Are You Using Your Title 1 Funds Appropriately?

Originated in 1964, Title I is a federal grant program designed to provide financial assistance for students living in high poverty areas. Local Education Agencies (LEAs) receive funds for specific populations in two ways: targeted assistance or schoolwide assistance.


Originated in 1964, Title I is a federal grant program designed to provide financial assistance for students living in high poverty areas. Local Education Agencies (LEAs) receive funds for specific populations in two ways: targeted assistance or schoolwide assistance. If the student’s school socioeconomic status is less than 75 percent, the LEA is eligible to receive funds for this specific population. If the total social economic status student population for the LEY’S school building is more than, 75 percent schools are encouraged to apply for the funds as a schoolwide Title I program. The school wide status affords designated schools additional funds, and flexibility to meet the needs of their learners. Title I is one of the oldest federal programs supporting elementary and secondary education in the United States.  More than 90 percent of the school systems in the United States receive some sort of Title I funding.

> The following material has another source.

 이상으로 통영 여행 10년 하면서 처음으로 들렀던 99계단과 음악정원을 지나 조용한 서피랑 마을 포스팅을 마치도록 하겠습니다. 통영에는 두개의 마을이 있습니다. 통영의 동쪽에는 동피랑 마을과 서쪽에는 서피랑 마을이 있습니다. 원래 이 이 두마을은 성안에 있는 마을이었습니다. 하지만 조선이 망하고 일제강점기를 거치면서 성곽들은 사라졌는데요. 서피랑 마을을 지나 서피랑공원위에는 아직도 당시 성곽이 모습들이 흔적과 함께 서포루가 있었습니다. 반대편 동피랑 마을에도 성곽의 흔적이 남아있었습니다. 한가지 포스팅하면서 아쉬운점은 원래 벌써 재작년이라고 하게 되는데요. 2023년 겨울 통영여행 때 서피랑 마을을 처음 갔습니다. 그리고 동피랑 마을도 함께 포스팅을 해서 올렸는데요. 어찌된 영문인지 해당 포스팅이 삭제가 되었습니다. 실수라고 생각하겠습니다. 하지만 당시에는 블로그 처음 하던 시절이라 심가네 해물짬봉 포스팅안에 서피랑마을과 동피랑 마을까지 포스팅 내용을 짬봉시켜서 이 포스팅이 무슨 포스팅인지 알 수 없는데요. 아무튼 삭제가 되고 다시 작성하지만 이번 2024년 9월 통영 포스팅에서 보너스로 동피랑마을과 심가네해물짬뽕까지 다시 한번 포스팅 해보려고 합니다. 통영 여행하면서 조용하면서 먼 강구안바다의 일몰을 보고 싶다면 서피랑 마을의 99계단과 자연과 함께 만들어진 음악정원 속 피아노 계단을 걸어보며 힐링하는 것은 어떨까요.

Most school administrators prepare the budgets for Title I during the end of June or the end of July. Funds are passed through the State educational agencies (SEAs) to the local educational agencies. These funds are typically dispersed during early September. Disbursement is always contingent upon when the grant was submitted and if your state has passed their budget for the corresponding year. Title I funds are funds students in both public and private schools. The purpose of Title I federal grant funds is to ensure that all children have a fair, equal, and significant opportunity to obtain a high-quality education and attain proficiency on challenging State academic achievement standards and state academic assessments. Both Targeted Assistant schools and Schoolwide programs are charged with implementing programs to close the achievement gaps among the different group of learners.

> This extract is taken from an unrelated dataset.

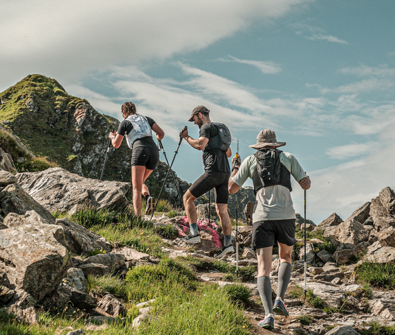 Klassische Trailrunning-Ausrüstung (Trailrunning-Schuhe und Kleidung, Weste mit Verpflegung,...).
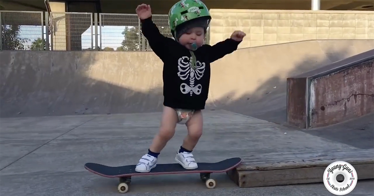 還在吸奶嘴… 1歲大小神童「站上滑板」 苦練1年多變超強

However, schoolwide programs have additional flexibility to:

  • Allocate funds to promote schoolwide reform
  • Coordinate services with other educational services, and other agencies to provide services to youth, children and families
  • Distribute targeting resources to make a difference to LEAs where the needs are the greatest

This flexibility is not limited to academic needs. Given the heightened focus on promoting safe schools for all learners, schoolwide programs are encouraged to review their comprehensive plans to determine if there is a need to revisit school safety concerns. Research has proved, increases in academic achievement are correlated to the safety and culture of the school. When students feel safe, the opportunities to close the learner gaps increase expeditiously. Schoolwide Title I programs should consider identifying if there is a need to allocate funds to reform the culture and safety of their campuses. This could involve implementing a memorandum of understanding with the local police department and establishing or enhancing their school resource officer program. Perhaps there is a need to coordinate services with the local mental health agencies, or purchase equipment to secure the entrances and exits of their buildings. Or, just maybe the communication among emergency personnel needs upgrading to ensure tactile emergency preparedness is relevant and efficient.

As with most grants, the first step is to assess your needs, review or rewrite your strategic plan and align the plan to a logical process map. The logic model process map will assist your team in ensuring you are implementing strategies and measuring the progress of the implementation to meet the needs of your learners.  So, before you submit the final budgets for the 2016 — 2017 school year, ask yourself, ‘Are we using our Title I funds efficiently and effectively to make a difference where the needs are the greatest?’